Chondroitin Sulfate A-Selenium Nanoparticles Activate Autophagy Through the AMPK-mTOR Pathway to Alleviate Oxidative Stress and Mitochondrial Dysfunction to Repair Kashin-Beck Disease Chondrocytes.

Kashin-Beck disease (KBD) is a chronic osteoarticular disease. Chondroitin sulfate A-selenium nanoparticles (CSA-SeNP), a polysaccharide-based nanoparticle, have shown promise in facilitating cartilage repair, but the mechanism remains unclear.

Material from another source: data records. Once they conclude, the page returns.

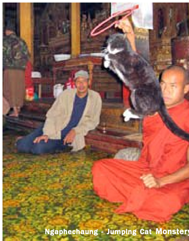
Ngaphechaung - Jumping Cat Monastery

After breakfast at the Hotel, visit to Amarapura, an ancient capital built by the advice of astrologers and U Bein Bridge - 1.2 km long over 200 years old wooden bridge; Mahagandaryone Monastery, where one may observe the daily life of the monks studying Buddha's scriptures and Silk weaving home cottage. Lunch at the local restaurant and
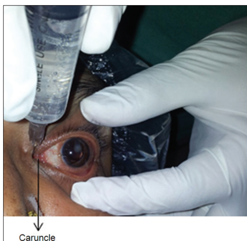
Figure 3: Needle entering between caruncle and medial canthal angle for performing medial peribulbar injection

Inadvertent intra-arterial injection of the anaesthetic
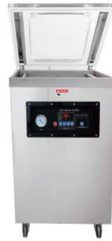
DZ400S DZ500S DZ600S
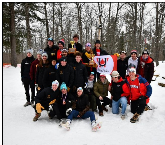
Left: MCSA Regional Championship Team Scores. Above: Men's Regional Championship Podium. Below: Women's Regional Championship Podium.
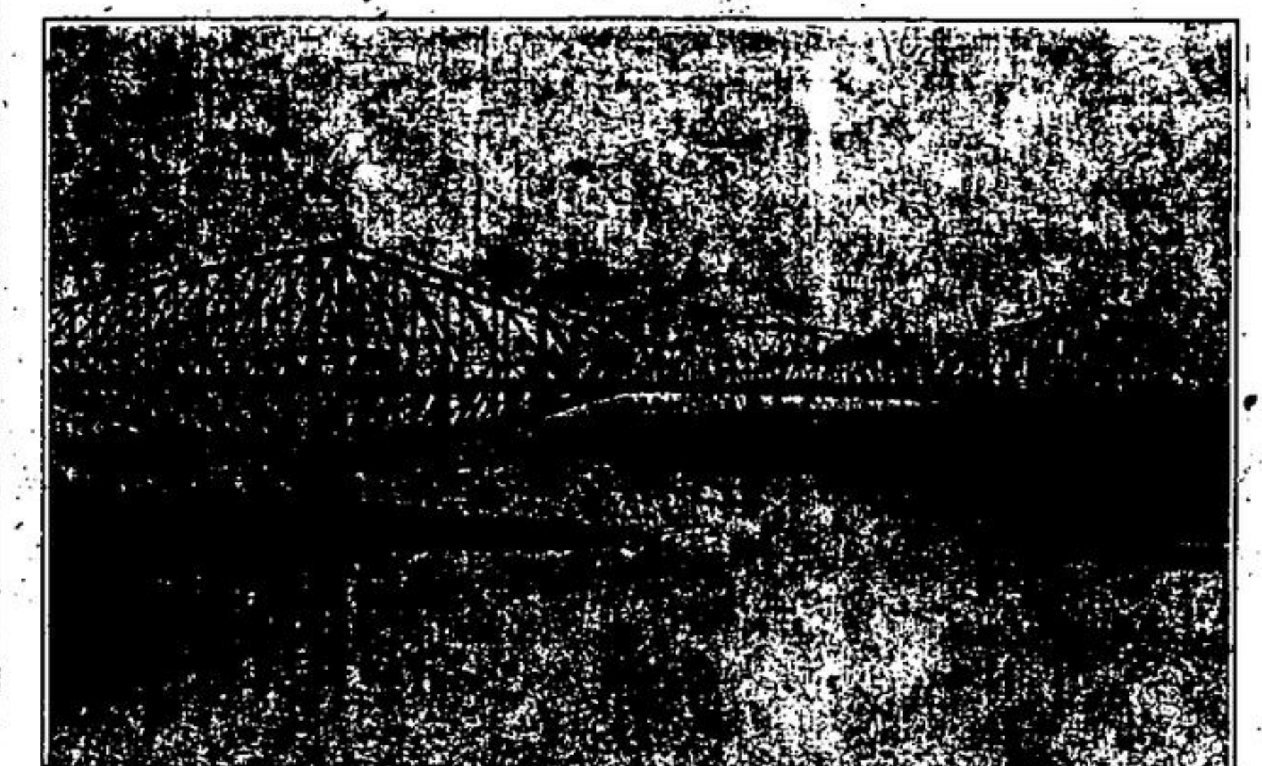
ENGINEERING WONDER OF CANADA.—The Quebec Bridge, over which Canadian National trains bore many of the C.W.N.A. delegates.

The accompanying photographs are only a few of the many places of interest visited by the members of the Canadian Weekly Newspapers Association while attending their Annual Convention which was held in Quebec City
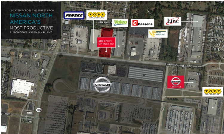
IMMEDIATE AREA — 609 HIGHLIGHTED | NISSAN GATE 6 DIRECTLY SOUTH
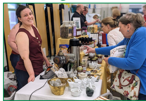
Back Home Again LLC, one of the vendors present at the Culinary Show, had many samples for attendees to try and purchase.
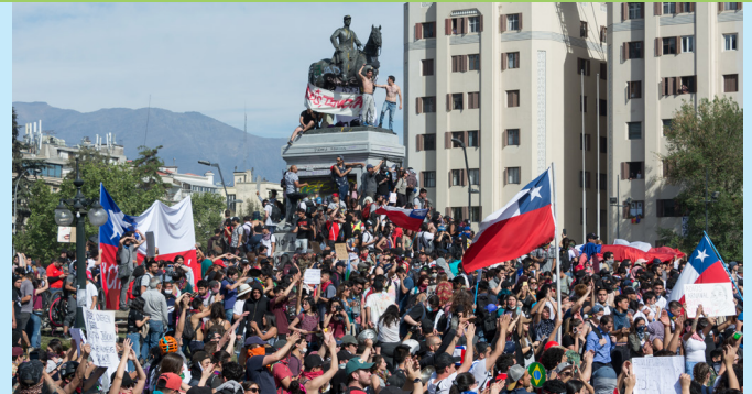
Protesters in Plaza Baquedano, downtown Santiago, Chile, October 22, 2019

What does this mean for EPES? Although many aspects of "normal" life have been altered, our work continues with community health teams, immigrant communities, as well as national networks working for Health for All and to end violence against women. We have helped organize local assemblies, our centers provide a meeting space for many organizations, and we have hosted seminars with experts to understand what is happening. We have also organized stress management sessions for the health teams and staff, many of whom are feeling retraumatized by the militarized atmosphere and systematic violation of human rights.
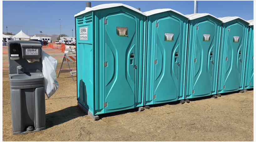
A Sierra Sanitation portable restroom ready for deployment across Central Valley job sites and events.
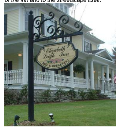
908 4th Avenue West

The material and design of the sign for this historic inn add both to the character of the inn and to the streetscape itself.
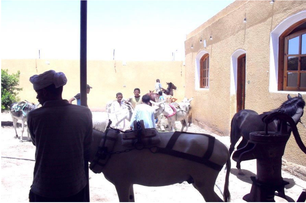
Plenty of patients queuing up for treatment.
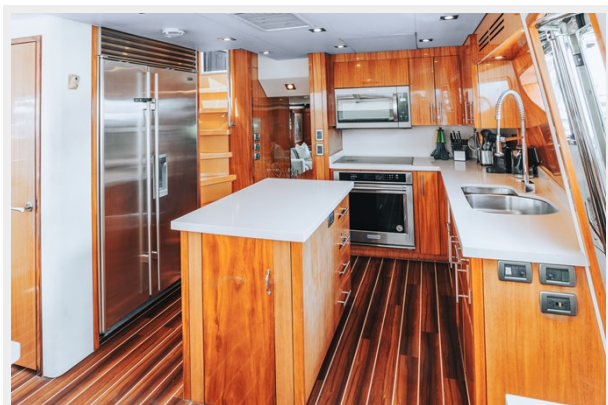
Fondue Studio - Dreamer II 23
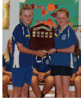
Winning House Wahoo
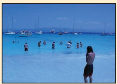
No5 NewsLetter Paxos 2004
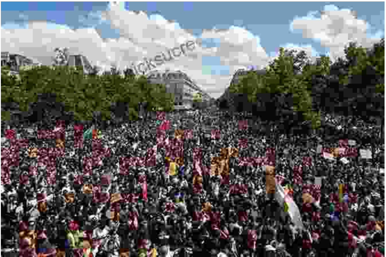
A scene from the Algerian War

While Ernaux's narrative is deeply personal, it also serves as a mirror to the broader social and historical forces that have shaped her life and the lives of her contemporaries. Through her own experiences, she provides a glimpse into the changing social landscape of France in the second half of the 20th century. The Days becomes a collective memoir, a testament to the shared experiences and struggles of a generation that lived through momentous events, from the Algerian War to the rise of feminism and the digital revolution.
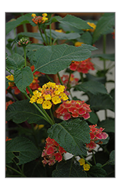
Confetti Lantana flowers
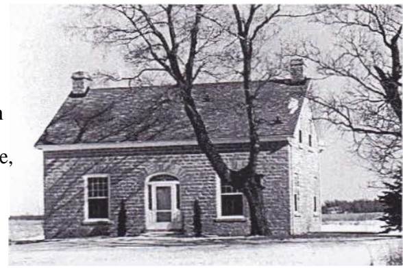
McCallum Farmhouse, c. 1831
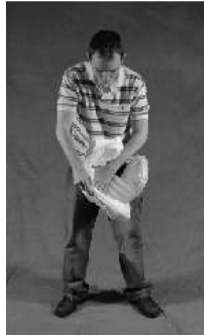
7. Tuck the half loop into the center.
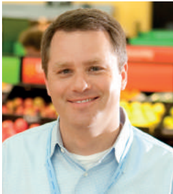
DOUG MCMILLON CHIEF EXECUTIVE OFFICER WALMART
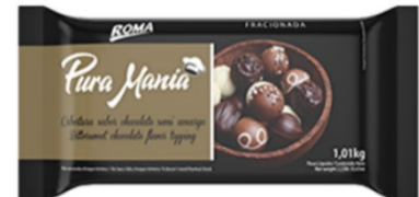
CÓD. 224 Pura Mania Semi Bitter Bar 1,01Kg Box 10 units
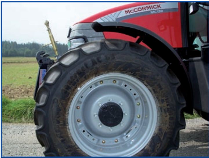
Completely integrated system
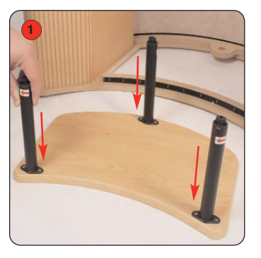
Locate the twist and lock poles into the internal shelf. Ensure the arrows on the poles are all facing the same direction.

Given our previous findings of downregulated AMPK-mTOR pathway and autophagy in KBD chondrocytes, this study explored the effects of CSA-SeNP on the AMPK-mTOR pathway and autophagy levels in KBD chondrocytes. KBD chondrocytes were treated with CSA-SeNP and AMPK inhibitors alone or in combination. We found that CSA-SeNP promoted autolysosome content and autophagic flux and upregulated the AMPK-mTOR pathway and autophagy markers, while reducing apoptosis in KBD chondrocytes. It effectively alleviated oxidative stress, as evidenced by decreased ROS level and MDA concentration, along with increased activities of antioxidant enzymes (SOD, CAT, and T-AOC). Concurrently, it also improved mitochondrial function, including elevated ATP content, enhanced SDH and ATPase activities, and restored mitochondrial membrane potential. However, co-treatment of KBD chondrocytes with CSA-SeNP and AMPK inhibitor resulted in levels of autolysosome content, autophagic flow, AMPK-mTOR pathway activity, autophagy markers, apoptosis, oxidative stress, and mitochondrial function that were intermediate between those observed with respective treatment with CSA-SeNP or AMPK inhibitor. In summary, CSA-SeNP could effectively activate AMPK-mTOR pathway to promote autophagy process, reduce oxidative stress and apoptosis, and improve mitochondrial function, thereby repairing KBD chondrocytes. This study may provide new insights into the potential of CSA-SeNP as a therapeutic agent for KBD.